A higher interest rate means that the borrower is riskier and more unlikely to pay back the loan while a lower interest rate means that the borrower has a good credit history is more likely to pay back the loan. The interest rates range from 5.32% all the way to 30.99% and each borrower is given a grade according to the interest rate they were assigned. If the borrower accepts the interest rate, then the loan is listed on the Lending Club marketplace.

Investors are primarily interested in receiveing a return on their investments. Approved loans are listed on the Lending Club website, where qualified investors can browse recently approved loans, the borrower's credit score, the purpose for the loan, and other information from the application. Once they're ready to back a loan, they select the amount of money they want to fund. Once a loan's requested amount is fully funded, the borrower receives the money they requested minus the origination fee that Lending Club charges.

The borrower then makes monthly payments back to Lending Club either over 36 months or over 60 months. Lending Club redistributes these payments to the investors. This means that investors don't have to wait until the full amount is paid off to start to see money back. If a loan is fully paid off on time, the investors make a return which corresponds to the interest rate the borrower had to pay in addition the requested amount. Many loans aren't completely paid off on time, however, and some borrowers default on the loan.

Here's a diagram from Bible Money Matters that sums up the process:

While Lending Club has to be extremely savvy and rigorous with their credit modelling, investors on Lending Club need to be equally as savvy about determining which loans are more likely to be paid off. While at first, you may wonder why investors would put money into anything but low interest loans. The incentive investors have to back higher interest loans is, well, the higher interest! If investors believe the borrower can pay back the loan, even if he or she has a weak financial history, then investors can make more money through the larger additional amount the borrower has to pay.

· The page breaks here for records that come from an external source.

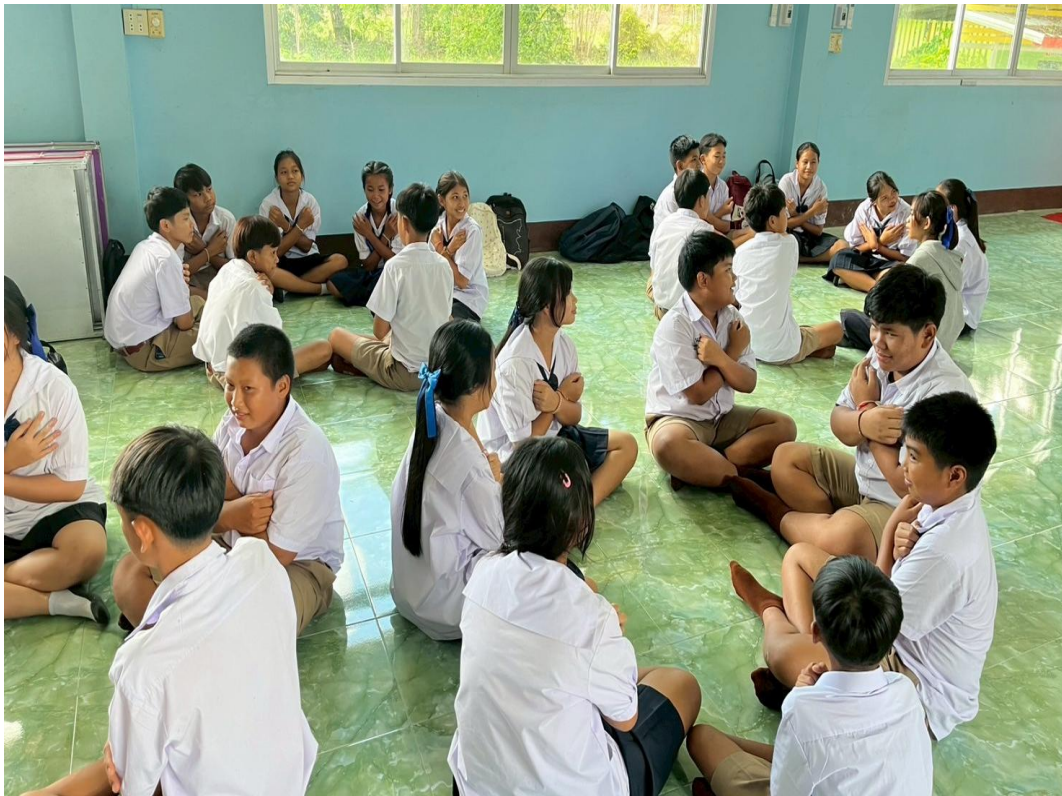
ภาพครูอบรมนักเรียนคาบแนะแนวทุกวันจันทร์ เกี่ยวกับคุณธรรม จริยธรรม มีจิตอาสาในการทำงาน

๖) Doing : การลงมือปฏิบัติด้านการพัฒนาคุณธรรมจริยธรรมและการ ดำเนินงานด้านจิตอาสาหรือจิต สาธารณะ เพื่อประโยชน์ส่วนรวม มี ๕ ขั้นตอน ดังนี้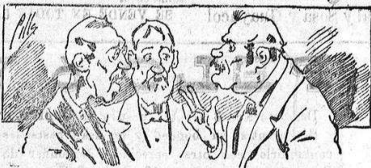
Abominan á nuestros libros..., pero los compran.

Todas las personas de gusto, curiosas é ilustradas deben pedir al Director de LA AVISPA , apartado núm. 8, MADRID, un ejemplar que se remite gratis y franqueado. Esta Revista Enciclopédica Popular publica recreaciones científicas, recetas de cocina, repostería, confitería, vinos, licores, pinturas, barnices, betunes y fórmulas para toda clase de industria, y cuantas noticias y conocimientos puedan ser beneficiosos. Cuenta además con buenos grabados, parte literaria excelente; da regalos mensuales á sus lectores con la Lotería Nacional y participaciones en la misma, á cuyo efecto compra todos los sorteos, y en una de las Administraciones más afortunadas por la suerte, billetes enteros. La suscripción y los números que se nos pidan se sirven gratuitamente á correo vuelto y franqueados, con sólo indicar el nombre y dirección del que lo desea en sobre dirigido al Sr. Administrador de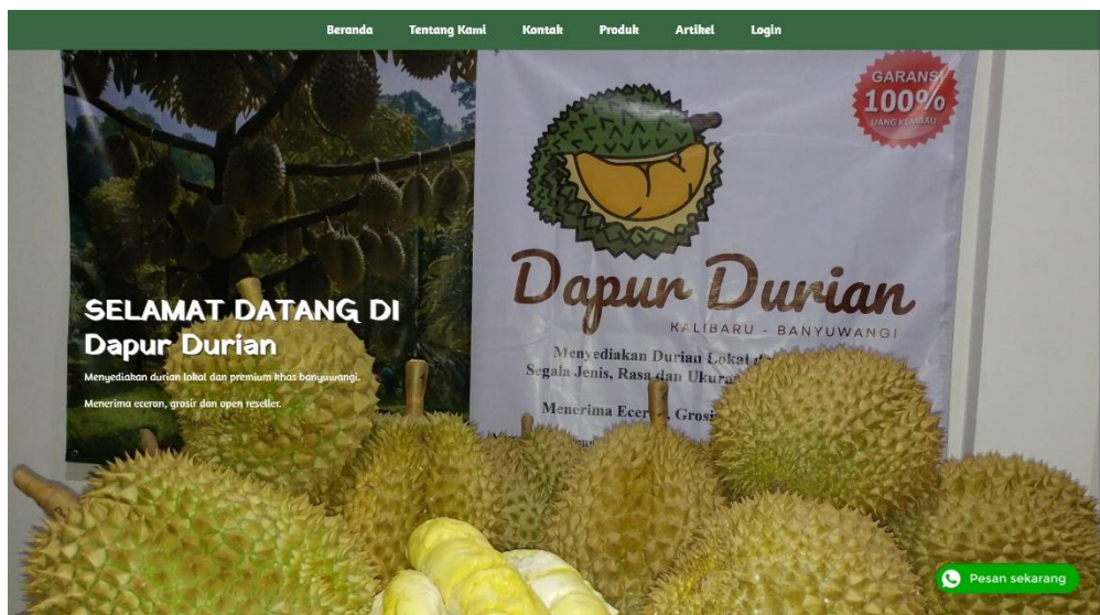
Gambar 2. Halaman Aplikasi Web berbasis Business Intelligence

Ilustrasi pada Gambar 2 memperlihatkan halaman utama aplikasi web yang menampilkan daftar produk durian. Setiap buah digambarkan dengan foto asli yang diunggah dari mitra, sehingga calon pembeli dapat membandingkan pilihan secara visual. Pada bagian lain dari aplikasi (Gambar 3), sistem menampilkan hasil rekomendasi produk. Misalnya, setelah pengunjung memilih satu jenis durian, sistem akan menampilkan saran produk lain yang paling sering dipilih bersamaan atau yang sesuai dengan selera pengunjung.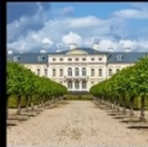
พระราชวังธุนดาลี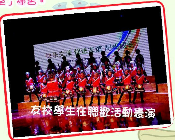
友校學生在聯歡活動表演

為了讓學生對學習蘇軾的詩文及杭州的特色有初步的了解，學校在出發前舉辦研習班。學生亦積極練習唱歌、跳舞，為在寧波洪塘中心學校的表演作好準備。同學們對是次交流活動十分期待。

Most investors use a portfolio strategy to invest small amounts in many loans, with healthy mixes of low, medium, and interest loans. In this course, we'll focus on the mindset of a conservative investor who only wants to invest in the loans that have a good chance of being paid off on time. To do that, we'll need to first understand the features in the dataset and then experiment with building machine learning models that reliably predict if a loan will be paid off or not.

2: Introduction To The Data

Lending Club releases data for all of the approved and declined loan applications periodically on their website. You can select a few different year ranges to download the datasets (in CSV format) for both approved and declined loans.

You'll also find a data dictionary (in XLS format) which contains information on the different column names towards the bottom of the page. We recommend downloading the data dictionary to so you can refer to it whenever you want to learn more about what a column represents in the datasets. Here's a link to the data dictionary file hosted on Google Drive.

Before diving into the datasets themselves, let's get familiar with the data dictionary. The LoanStats sheet describes the approved loans datasets and the RejectStats describes the rejected loans datasets. Since rejected applications don't appear on the Lending Club marketplace and aren't available for investment, we'll be focusing on data on approved loans only.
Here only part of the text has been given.